Weiqing Ge1, Dong-Yuan Cao, Cynthia R Long, Joel G Pickar.   

Abstract

Proprioceptive feedback is thought to play a significant role in controlling both lumbopelvic and intervertebral orientations. In the lumbar spine, a vertebra's positional history along the dorsal-ventral axis has been shown to alter the position, movement, and velocity sensitivity of muscle spindles in the multifidus and longissimus muscles. These effects appear due to muscle history. Because spinal motion segments have up to 6 degrees of freedom for movement, we were interested in whether the axis along which the history is applied differentially affects paraspinal muscle spindles.
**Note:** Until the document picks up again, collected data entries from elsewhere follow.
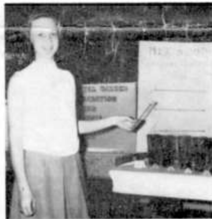
Pictured are only a few of the winners of the I. A. and Science Fair.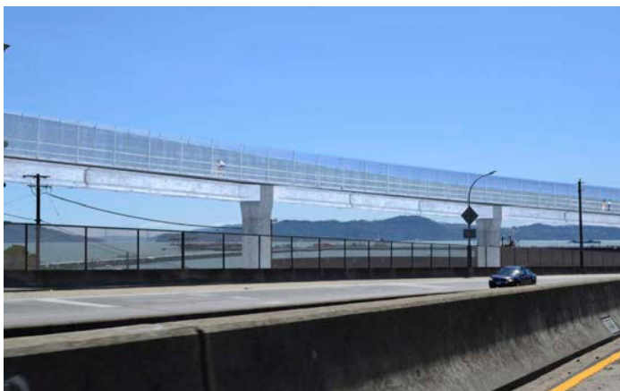
Conceptual Design of Bay Trail Flyover SE of Bridge Toll Plaza

The project is ready to move ahead with environmental review and final design through Caltrans' project approval process with assistance by Questa Engineering under contract to the City's Engineering Services Dept.. The City Council approved the local consensus trail alignment, and Contra Costa Transportation Authority awarded a $200,000 Measure J grant to reimburse Caltrans for its participation.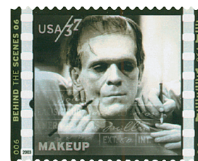
From the American Filmmaking set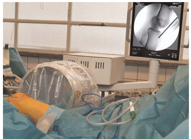
FIGURE 7. Correct placement of the guide wire.

A proper end cap is inserted (Figure 13), and under fluoroscopy it is then ensured in both planes that the nail does not protrude into the knee joint. With a finger in the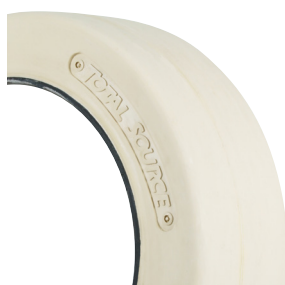
Smooth Non-marking Lisa que no marca Lisses non marquant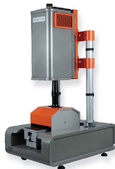
Picture 1. SisuCHEMA imaging workstation

SisuCHEMA comes with various sample trays that can be loaded into the instrument while containing dairy samples (picture 2). SisuCHEMA's push-broom technology along with all its advantages provides a rapid measuring procedure, a pre-requisite for keeping the often moist and fresh dairy samples unimpaired. The recorded hyperspectral images are then easily transferred to the analysis software Evince, where chemical composition and its distribution can be analyzed and viewed with various types of visualizations (picture 3).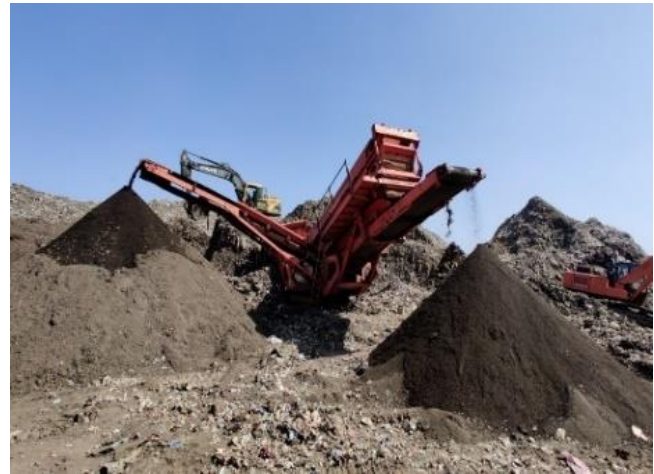
Fig 4: Screening of Legacy Waste

through recycling, co-processing. The stabilized waste recovered from the dumpsite are screened into different size particles that can be reused outside of site or disposed off without having any adverse effect on environment. Screen sizes commonly used are 150 mm, 80 to 100 mm, 30 to 50mm, 30- 10 mm, and 4-6 mm. The 150 mm screening of waste contains bricks coconut, shells, cloths, footwear, large plastics, etc. The 80 to less than 30 mm screening of waste shredding as per requirement or industry need. The lighter materials mostly such as plastics are shredded as per requirement of industry for use in bitumen hot mix plants usually to make recyclable Plastic Roads or as refuse derived fuel (RDF) which is use in cement kilns. The 4-6 mm screening of waste contains the finest materials and is called bio-earth or good earth.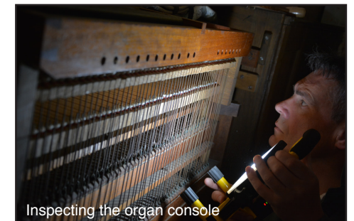
Inspecting the organ console

Hope for our organ. We are continuing investigations and assessments of just how much we need to do in the church, and what it will cost. Recently, engineers from the company that made it in 1858 surveyed our fine 'Father Willis' organ. We await their full report, and there were reasons to be a little encouraged. Maybe we'll find our lost chord after all!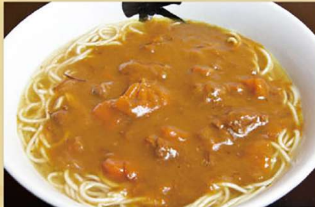
Curry Ramen $11.00 カレーらーめん Shio Ramen with beef curry sauce on top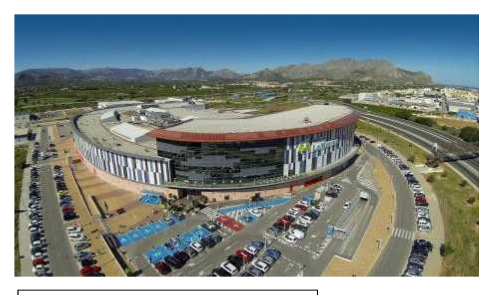
Centro comercial Portal La Marina

Por tipo de activos, los centros comerciales han alcanzado una revaloración del 7,5%, frente al 4,4% de finales de 2015; el valor de las oficinas ha aumentado el 13,7% - 6,6% a diciembre del pasado año -; el de los centros de logística se incrementó el 14,1% - 11,1% en el cálculo anterior - y el activo residencial con que cuenta la SOCIMI se revalorizó el 7,3%, en línea con el porcentaje de finales de 2015 y que fue del 7,1%. La valoración de los activos ha sido elaborada por Cushman & Wakefield y Jones Lang Lasalle.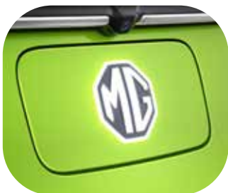
► ILLUMINATED MG LOGO

The futuristic motif of this car brings you a smart, sleek look with the 2-door design. Because we believe that your car should only bring you things that spark joy. Quite like the logo that illuminates every time you open the door of the car.

We tested the null hypothesis that the loading axis, which creates a vertebra's positional history, has no effect on a lumbar muscle spindle's subsequent response to vertebral position or movement. Identical displacements were applied along three orthogonal axes directly at the L(6) spinous process using a feedback motor system under displacement control. Single-unit nerve activity was recorded from 60 muscle spindle afferents in teased filaments from L(6) dorsal rootlets innervating intact longissimus or multifidus muscles of deeply anesthetized cats. Muscle lengthening histories along the caudal-cranial and dorsal-ventral axis, compared with the left-right axis, produced significantly greater reductions in spindle responses to vertebral position and movement. The spinal anatomy suggested that the effect of a lengthening history is greatest when that history had occurred along an axis lying within the anatomical plane of the facet joint. Speculation is made that the interaction between normal spinal mechanics and the inherent thixotropic property of muscle spindles poses a challenge for feedback and feedforward motor control of the lumbar spine.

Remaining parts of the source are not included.